** MATERIAL FOR THIS EXERCISE follows **
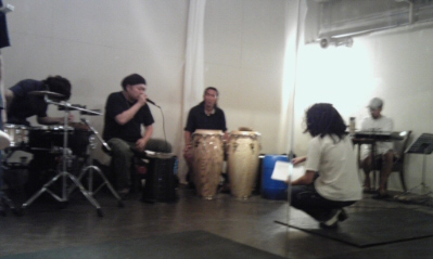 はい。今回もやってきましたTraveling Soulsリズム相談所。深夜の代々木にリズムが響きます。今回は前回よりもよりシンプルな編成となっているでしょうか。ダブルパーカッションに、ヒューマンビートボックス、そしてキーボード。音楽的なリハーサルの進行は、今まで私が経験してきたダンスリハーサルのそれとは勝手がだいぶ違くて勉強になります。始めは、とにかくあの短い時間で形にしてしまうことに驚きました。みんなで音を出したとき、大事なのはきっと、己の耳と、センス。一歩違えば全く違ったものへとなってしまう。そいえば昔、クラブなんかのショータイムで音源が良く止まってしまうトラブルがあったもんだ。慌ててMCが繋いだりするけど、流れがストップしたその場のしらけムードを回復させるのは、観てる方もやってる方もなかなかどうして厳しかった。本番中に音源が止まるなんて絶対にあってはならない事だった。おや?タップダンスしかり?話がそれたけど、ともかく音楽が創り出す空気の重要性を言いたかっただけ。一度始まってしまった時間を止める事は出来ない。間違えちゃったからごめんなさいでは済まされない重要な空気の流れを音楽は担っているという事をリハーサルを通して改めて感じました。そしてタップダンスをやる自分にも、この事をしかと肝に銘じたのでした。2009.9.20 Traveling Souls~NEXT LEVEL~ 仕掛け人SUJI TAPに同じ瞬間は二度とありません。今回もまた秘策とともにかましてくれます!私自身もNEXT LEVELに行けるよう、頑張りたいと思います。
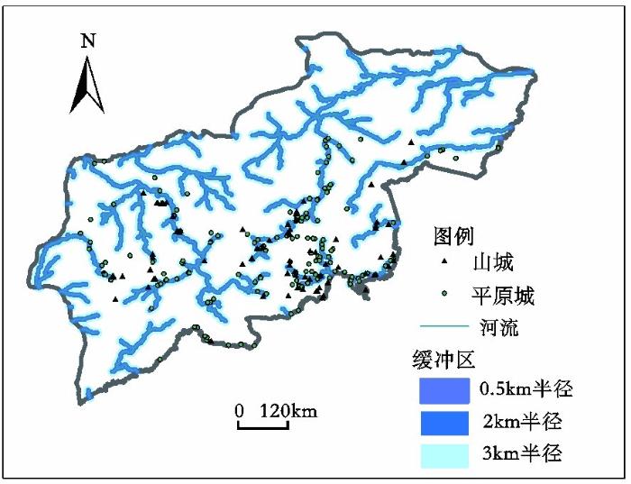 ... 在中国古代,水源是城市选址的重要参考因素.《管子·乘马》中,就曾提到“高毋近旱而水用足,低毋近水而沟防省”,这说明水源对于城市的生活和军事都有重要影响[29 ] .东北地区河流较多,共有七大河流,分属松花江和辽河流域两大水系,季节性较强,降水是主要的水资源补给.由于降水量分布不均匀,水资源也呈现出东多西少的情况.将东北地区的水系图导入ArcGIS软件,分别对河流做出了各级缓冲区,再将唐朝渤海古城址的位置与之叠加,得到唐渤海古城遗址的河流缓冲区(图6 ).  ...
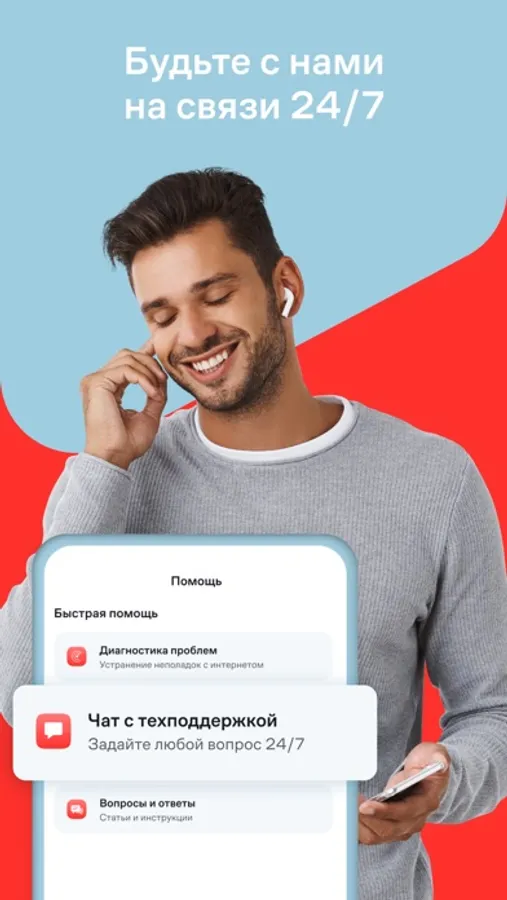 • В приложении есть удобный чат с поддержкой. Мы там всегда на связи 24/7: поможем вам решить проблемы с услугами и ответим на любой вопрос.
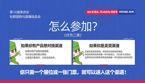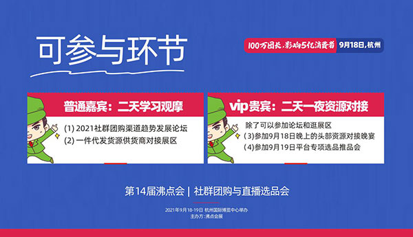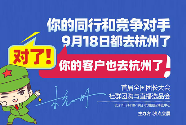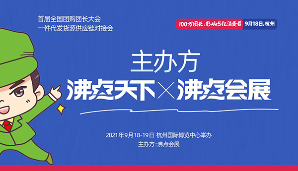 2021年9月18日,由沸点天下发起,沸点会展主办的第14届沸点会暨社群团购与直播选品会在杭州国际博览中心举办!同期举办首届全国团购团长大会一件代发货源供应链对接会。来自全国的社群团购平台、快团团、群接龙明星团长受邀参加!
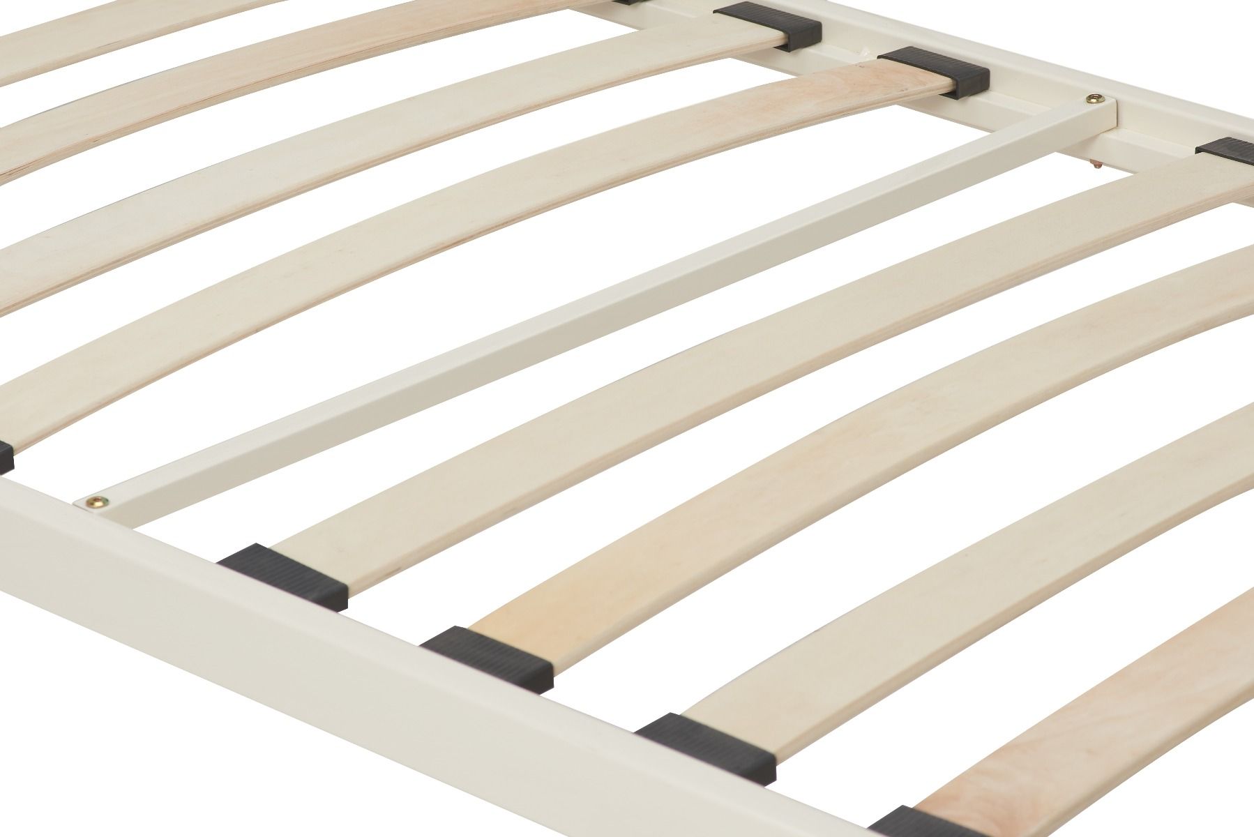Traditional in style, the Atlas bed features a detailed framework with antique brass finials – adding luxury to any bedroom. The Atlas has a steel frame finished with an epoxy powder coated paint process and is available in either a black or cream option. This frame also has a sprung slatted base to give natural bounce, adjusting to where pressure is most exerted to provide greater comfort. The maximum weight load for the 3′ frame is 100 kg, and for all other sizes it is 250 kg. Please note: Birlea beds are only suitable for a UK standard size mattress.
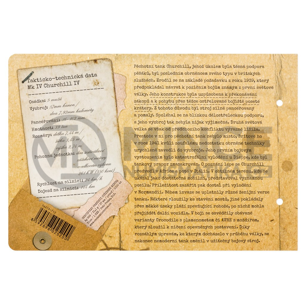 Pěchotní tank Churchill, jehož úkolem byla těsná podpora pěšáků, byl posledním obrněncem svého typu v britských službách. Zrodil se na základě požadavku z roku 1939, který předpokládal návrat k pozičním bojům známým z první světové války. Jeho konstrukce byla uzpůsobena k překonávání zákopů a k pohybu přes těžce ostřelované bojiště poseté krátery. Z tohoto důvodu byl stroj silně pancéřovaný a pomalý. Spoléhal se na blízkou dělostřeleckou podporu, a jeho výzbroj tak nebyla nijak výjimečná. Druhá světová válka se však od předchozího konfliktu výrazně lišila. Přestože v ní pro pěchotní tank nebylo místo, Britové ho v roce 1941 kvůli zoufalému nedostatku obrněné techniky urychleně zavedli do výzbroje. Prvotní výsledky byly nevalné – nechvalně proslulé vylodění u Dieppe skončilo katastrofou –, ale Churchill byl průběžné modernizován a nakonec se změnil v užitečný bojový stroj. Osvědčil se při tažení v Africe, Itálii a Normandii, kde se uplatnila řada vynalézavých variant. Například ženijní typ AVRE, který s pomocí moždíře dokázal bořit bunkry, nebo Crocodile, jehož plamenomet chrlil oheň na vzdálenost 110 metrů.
** End of MATERIAL FOR THIS EXERCISE **
EXERCISE PROMPT: Each entry is to be given again exactly as it stands, with its pictures removed.

EXERCISE SOLUTION:
 はい。今回もやってきましたTraveling Soulsリズム相談所。深夜の代々木にリズムが響きます。今回は前回よりもよりシンプルな編成となっているでしょうか。ダブルパーカッションに、ヒューマンビートボックス、そしてキーボード。音楽的なリハーサルの進行は、今まで私が経験してきたダンスリハーサルのそれとは勝手がだいぶ違くて勉強になります。始めは、とにかくあの短い時間で形にしてしまうことに驚きました。みんなで音を出したとき、大事なのはきっと、己の耳と、センス。一歩違えば全く違ったものへとなってしまう。そいえば昔、クラブなんかのショータイムで音源が良く止まってしまうトラブルがあったもんだ。慌ててMCが繋いだりするけど、流れがストップしたその場のしらけムードを回復させるのは、観てる方もやってる方もなかなかどうして厳しかった。本番中に音源が止まるなんて絶対にあってはならない事だった。おや?タップダンスしかり?話がそれたけど、ともかく音楽が創り出す空気の重要性を言いたかっただけ。一度始まってしまった時間を止める事は出来ない。間違えちゃったからごめんなさいでは済まされない重要な空気の流れを音楽は担っているという事をリハーサルを通して改めて感じました。そしてタップダンスをやる自分にも、この事をしかと肝に銘じたのでした。2009.9.20 Traveling Souls~NEXT LEVEL~ 仕掛け人SUJI TAPに同じ瞬間は二度とありません。今回もまた秘策とともにかましてくれます!私自身もNEXT LEVELに行けるよう、頑張りたいと思います。
 ... 在中国古代,水源是城市选址的重要参考因素.《管子·乘马》中,就曾提到“高毋近旱而水用足,低毋近水而沟防省”,这说明水源对于城市的生活和军事都有重要影响[29 ] .东北地区河流较多,共有七大河流,分属松花江和辽河流域两大水系,季节性较强,降水是主要的水资源补给.由于降水量分布不均匀,水资源也呈现出东多西少的情况.将东北地区的水系图导入ArcGIS软件,分别对河流做出了各级缓冲区,再将唐朝渤海古城址的位置与之叠加,得到唐渤海古城遗址的河流缓冲区(图6 ).  ...
 • В приложении есть удобный чат с поддержкой. Мы там всегда на связи 24/7: поможем вам решить проблемы с услугами и ответим на любой вопрос.
 2021年9月18日,由沸点天下发起,沸点会展主办的第14届沸点会暨社群团购与直播选品会在杭州国际博览中心举办!同期举办首届全国团购团长大会一件代发货源供应链对接会。来自全国的社群团购平台、快团团、群接龙明星团长受邀参加!
Traditional in style, the Atlas bed features a detailed framework with antique brass finials – adding luxury to any bedroom. The Atlas has a steel frame finished with an epoxy powder coated paint process and is available in either a black or cream option. This frame also has a sprung slatted base to give natural bounce, adjusting to where pressure is most exerted to provide greater comfort. The maximum weight load for the 3′ frame is 100 kg, and for all other sizes it is 250 kg. Please note: Birlea beds are only suitable for a UK standard size mattress.
 Pěchotní tank Churchill, jehož úkolem byla těsná podpora pěšáků, byl posledním obrněncem svého typu v britských službách. Zrodil se na základě požadavku z roku 1939, který předpokládal návrat k pozičním bojům známým z první světové války. Jeho konstrukce byla uzpůsobena k překonávání zákopů a k pohybu přes těžce ostřelované bojiště poseté krátery. Z tohoto důvodu byl stroj silně pancéřovaný a pomalý. Spoléhal se na blízkou dělostřeleckou podporu, a jeho výzbroj tak nebyla nijak výjimečná. Druhá světová válka se však od předchozího konfliktu výrazně lišila. Přestože v ní pro pěchotní tank nebylo místo, Britové ho v roce 1941 kvůli zoufalému nedostatku obrněné techniky urychleně zavedli do výzbroje. Prvotní výsledky byly nevalné – nechvalně proslulé vylodění u Dieppe skončilo katastrofou –, ale Churchill byl průběžné modernizován a nakonec se změnil v užitečný bojový stroj. Osvědčil se při tažení v Africe, Itálii a Normandii, kde se uplatnila řada vynalézavých variant. Například ženijní typ AVRE, který s pomocí moždíře dokázal bořit bunkry, nebo Crocodile, jehož plamenomet chrlil oheň na vzdálenost 110 metrů.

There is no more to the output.